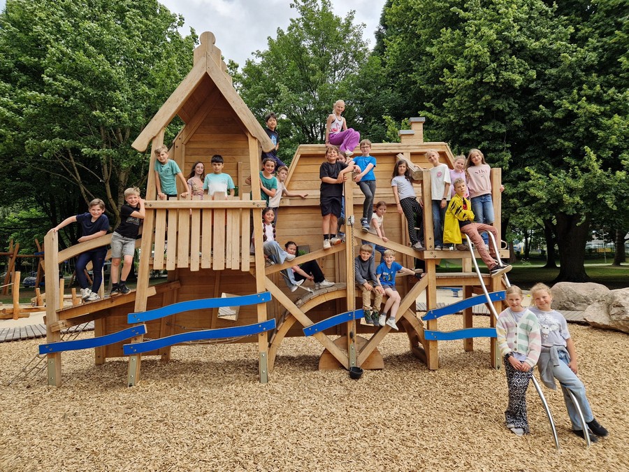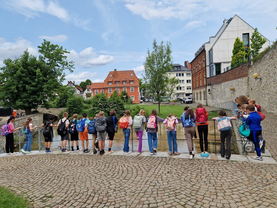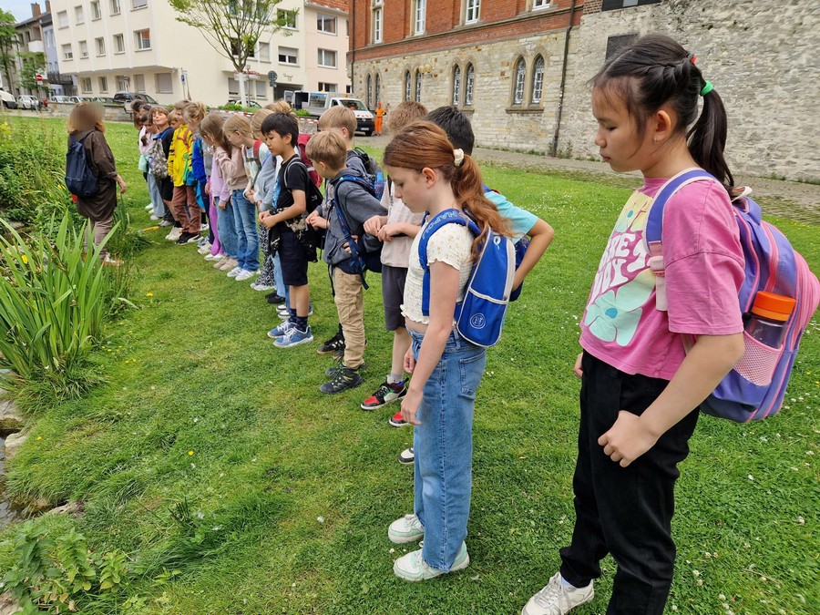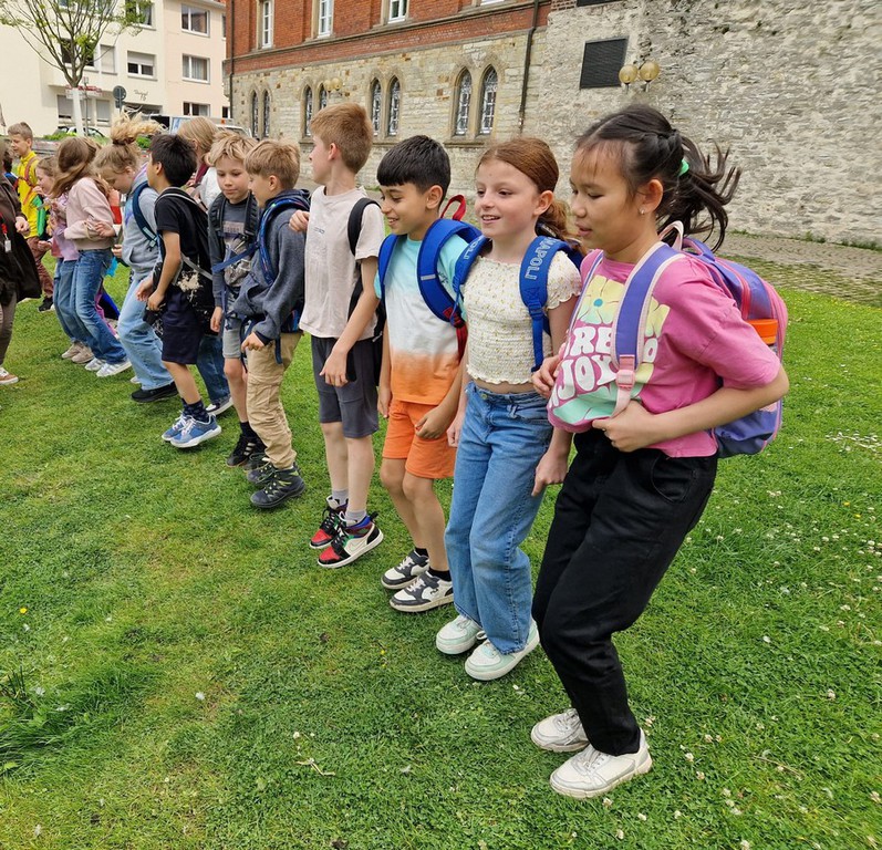 Am 04.10.24 stand für alle Klassen die alljährliche Sternwanderung auf dem Programm. Von der Schule aus wanderten die vier Jahrgänge zu unterschiedlichen Spielplätzen. Die vierten Klassen machten sich auf den Weg nach Schloß Neuhaus. Dort liefen sie zum Wasserspielplatz. Es wurde fröhlich miteinander gespielt, gelacht und gefrühstückt. Danach machten sich die Kinder auf den Rückweg, den alle erfolgreich meisterten.
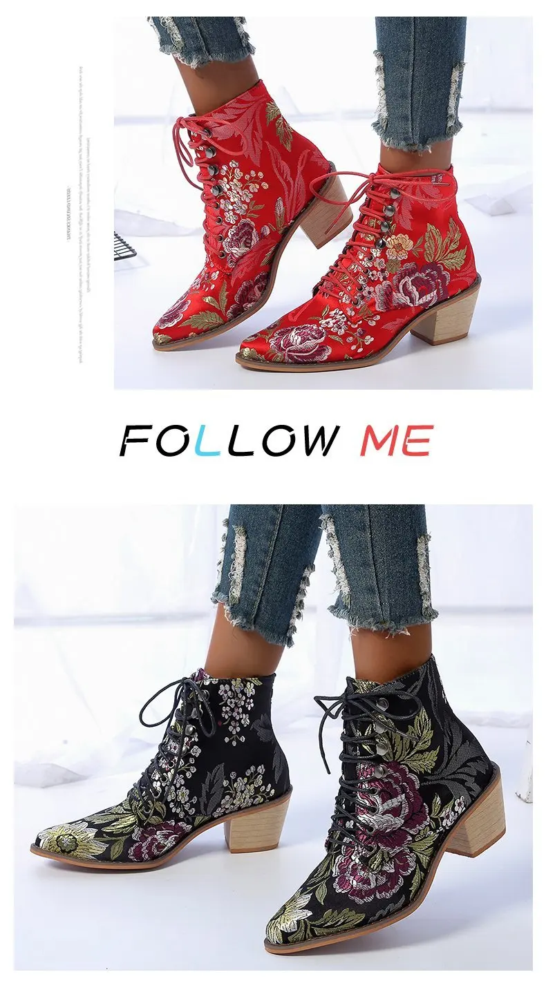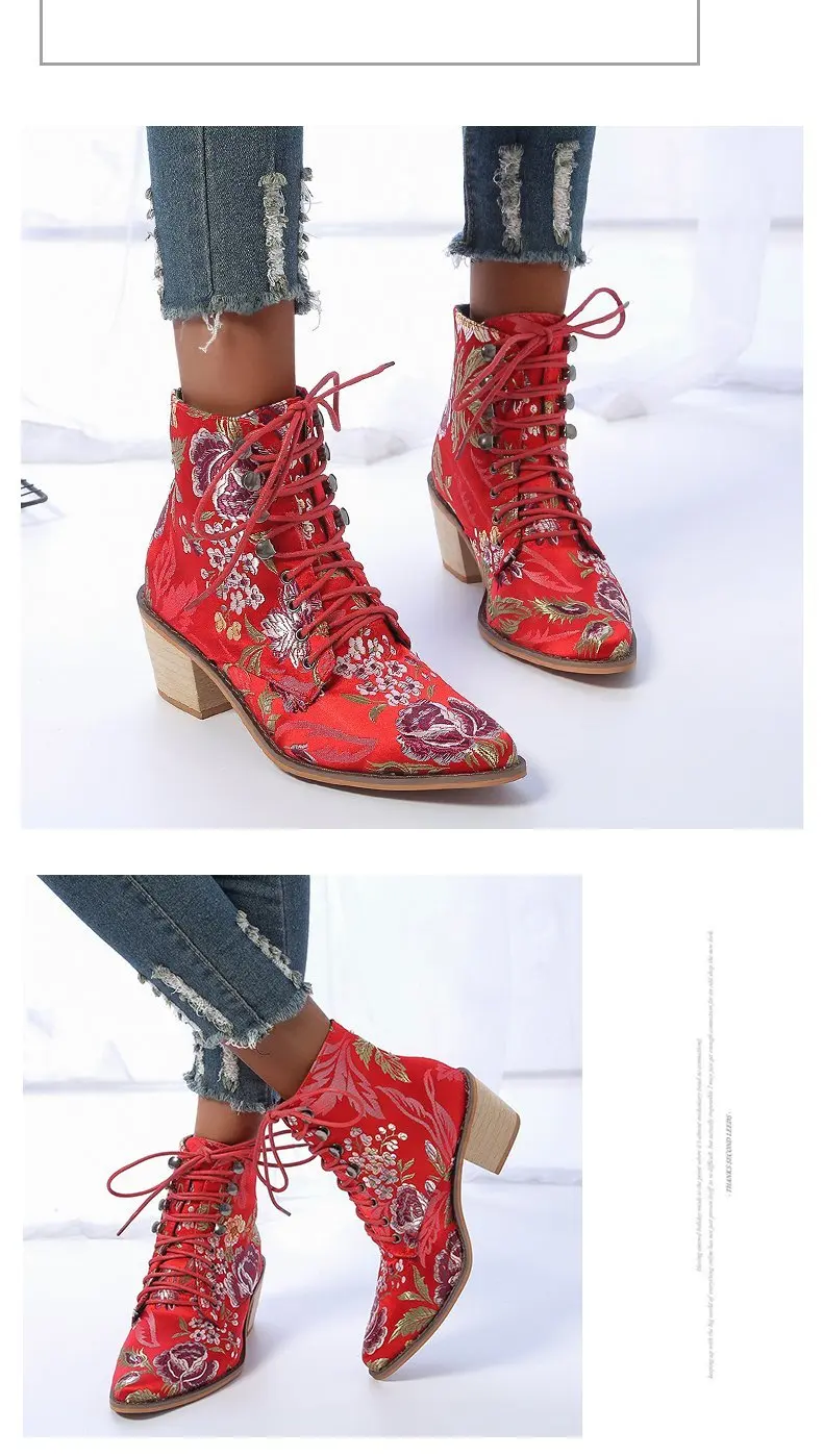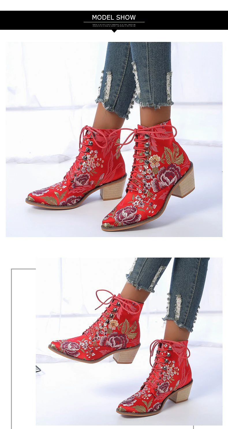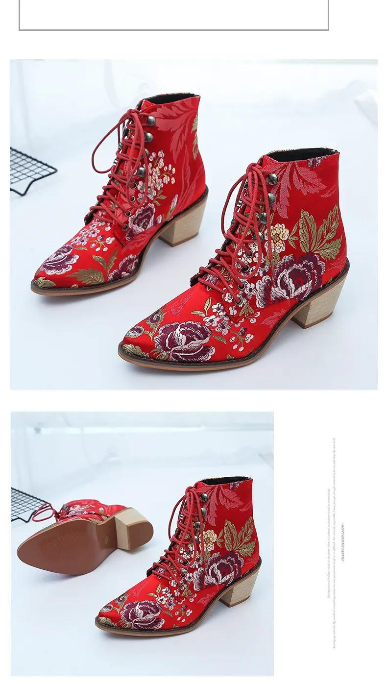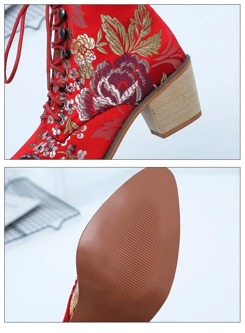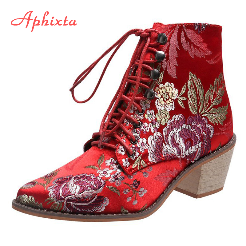 Aphixta 6cm Wood Spike Heels Embroider Boots Women Antiskid Lace-up Pointed Toe Red Ankle Boots Shoes Woman Boats Big Szie 43
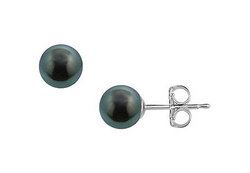 Reflecting a high luster and sheen a pair of flawless round Tahitian pearl stud earrings with a size of 8 mm is made in 18K white gold. These Tahitian pearl studs are available in either screw-back or push-back.

_Task requirements_.
The answer must be the lines above from the line that contains "Aphixta 6cm Wood" to the final line of the data, word for word, with no pictures.

_Solution to this problem_.
 Aphixta 6cm Wood Spike Heels Embroider Boots Women Antiskid Lace-up Pointed Toe Red Ankle Boots Shoes Woman Boats Big Szie 43
 Reflecting a high luster and sheen a pair of flawless round Tahitian pearl stud earrings with a size of 8 mm is made in 18K white gold. These Tahitian pearl studs are available in either screw-back or push-back.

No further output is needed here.